Given that Polars has a dedicated test checking that zeros aren't padded on unicode, I suppose they are "right" and ideally libcudf wouldn't pad unicode characters
Should this be a polars issue? Who is right?
Given that Polars has a dedicated test checking that zeros aren't padded on unicode, I suppose they are "right" and ideally libcudf wouldn't pad unicode characters
It may be this piece of the docs:
This method is intended for padding numeric strings. If your data contains non-ASCII characters, use [pad_start()](https://docs.pola.rs/api/python/stable/reference/series/api/polars.Series.str.pad_start.html#polars.Series.str.pad_start) instead.
Ah. I wonder if we need to do something beyond xfailing here? It seems like in the wild users would be mostly zfilling numeric data but it's still dangerous to have a behavior divergence with the GPU backend. There aren't a lot of great options though. Off the top of my head we could
- extend the libcudf
zfillapi to ignore unicode optionally - scan the data unnecessarily in 99% of cases to make us safe from the one edge case
- Document the issue somewhere
None of the above seem particularly amazing. I'll think on what to do in lieu of any obvious ideas I missed.
I wonder if we need to do something beyond xfailing here?
Ah OK so I suppose the "proper" solution could use pylibcudf.strings.convert.convert_fixed_point.is_fixed_point to use with copy_if_else to used the zfilled values if the values are numeric else the old values.
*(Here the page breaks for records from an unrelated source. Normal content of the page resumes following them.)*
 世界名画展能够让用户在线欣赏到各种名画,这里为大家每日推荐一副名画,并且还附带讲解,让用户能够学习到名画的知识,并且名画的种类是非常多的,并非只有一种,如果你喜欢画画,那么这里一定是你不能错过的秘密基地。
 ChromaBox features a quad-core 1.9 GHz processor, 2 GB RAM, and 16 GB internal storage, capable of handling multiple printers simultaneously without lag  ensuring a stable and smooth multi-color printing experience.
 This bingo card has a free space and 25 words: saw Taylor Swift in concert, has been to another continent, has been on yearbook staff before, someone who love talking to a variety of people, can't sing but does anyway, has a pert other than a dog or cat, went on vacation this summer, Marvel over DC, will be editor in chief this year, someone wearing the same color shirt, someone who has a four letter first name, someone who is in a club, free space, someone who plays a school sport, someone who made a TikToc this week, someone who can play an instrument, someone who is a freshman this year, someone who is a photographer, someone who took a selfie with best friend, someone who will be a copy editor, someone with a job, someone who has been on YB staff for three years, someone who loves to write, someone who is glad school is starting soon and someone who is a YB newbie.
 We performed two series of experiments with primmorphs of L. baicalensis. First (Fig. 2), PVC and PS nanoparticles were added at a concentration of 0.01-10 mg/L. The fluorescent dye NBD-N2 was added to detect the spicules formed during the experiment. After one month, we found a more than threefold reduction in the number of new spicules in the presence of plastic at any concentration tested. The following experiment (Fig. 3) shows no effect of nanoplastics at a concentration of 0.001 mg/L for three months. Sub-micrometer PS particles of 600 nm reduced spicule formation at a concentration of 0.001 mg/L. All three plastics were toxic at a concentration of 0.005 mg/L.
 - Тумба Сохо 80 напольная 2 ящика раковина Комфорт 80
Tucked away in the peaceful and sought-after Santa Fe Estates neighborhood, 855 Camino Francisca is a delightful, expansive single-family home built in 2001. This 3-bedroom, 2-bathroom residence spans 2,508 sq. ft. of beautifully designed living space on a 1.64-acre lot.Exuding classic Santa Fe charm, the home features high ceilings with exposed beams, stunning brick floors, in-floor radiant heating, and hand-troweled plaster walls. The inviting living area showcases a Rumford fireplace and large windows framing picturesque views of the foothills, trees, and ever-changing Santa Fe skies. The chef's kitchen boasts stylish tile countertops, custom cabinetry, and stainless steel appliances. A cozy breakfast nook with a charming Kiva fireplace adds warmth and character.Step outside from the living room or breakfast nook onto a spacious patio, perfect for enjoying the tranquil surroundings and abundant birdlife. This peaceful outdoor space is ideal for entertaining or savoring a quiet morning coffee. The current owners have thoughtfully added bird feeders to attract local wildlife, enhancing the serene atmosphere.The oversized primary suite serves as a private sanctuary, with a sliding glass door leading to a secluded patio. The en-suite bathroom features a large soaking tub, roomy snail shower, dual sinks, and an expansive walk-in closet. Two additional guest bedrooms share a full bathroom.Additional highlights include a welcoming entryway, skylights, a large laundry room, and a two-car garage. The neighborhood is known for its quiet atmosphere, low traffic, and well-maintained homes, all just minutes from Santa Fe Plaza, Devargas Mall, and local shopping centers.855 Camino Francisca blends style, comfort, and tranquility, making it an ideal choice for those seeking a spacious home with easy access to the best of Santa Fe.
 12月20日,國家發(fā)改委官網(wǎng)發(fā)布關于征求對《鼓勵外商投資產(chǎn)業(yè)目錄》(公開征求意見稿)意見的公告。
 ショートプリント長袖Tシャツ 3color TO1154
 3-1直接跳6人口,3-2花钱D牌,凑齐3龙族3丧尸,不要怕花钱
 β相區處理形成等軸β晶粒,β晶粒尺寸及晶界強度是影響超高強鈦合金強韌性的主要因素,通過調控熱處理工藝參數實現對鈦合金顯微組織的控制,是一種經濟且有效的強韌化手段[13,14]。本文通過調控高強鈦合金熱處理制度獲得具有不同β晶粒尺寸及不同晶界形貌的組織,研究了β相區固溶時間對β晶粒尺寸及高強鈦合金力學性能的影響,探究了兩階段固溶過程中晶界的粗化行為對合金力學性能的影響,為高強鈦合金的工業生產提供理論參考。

Ah OK so I suppose the "proper" solution could use
pylibcudf.strings.convert.convert_fixed_point.is_fixed_pointto use withcopy_if_elseto used thezfilled values if the values are numeric else the old values.
Thanks- this sounds like a winner 😄
It looks like polars wants to pad strings like abc as well as numeric, so we can't use is_fixed_point. But I think I might see a way forward with all_characters_of_type, will try it out.
after playing around with this a bit I can't think of a way out of this without throwing for the cases where the APIs diverge. AFAICT they'll only definitely agree for a certain subset of characters in the source data.
@davidwendt whats the fastest way of checking if a column of strings contains only alphanumeric characters, spaces, or empty strings?
hats the fastest way of checking if a column of strings contains only alphanumeric characters, spaces, or empty strings?
Maybe cudf::strings::contains_re and then cudf::reduce
... whats the fastest way of checking if a column of strings contains only alphanumeric characters, spaces, or empty strings?
I believe this API would cover everything except empty strings https://docs.rapids.ai/api/cudf/stable/pylibcudf/api_docs/strings/char_types/#pylibcudf.strings.char_types.all_characters_of_type
Added some validation and conditional xfailing based on the polars version here. We now guard for non-ascii characters in the simplest way I can think of. It's not ideal but I think we should move forward and reassess if perf concerns ever surface.
/merge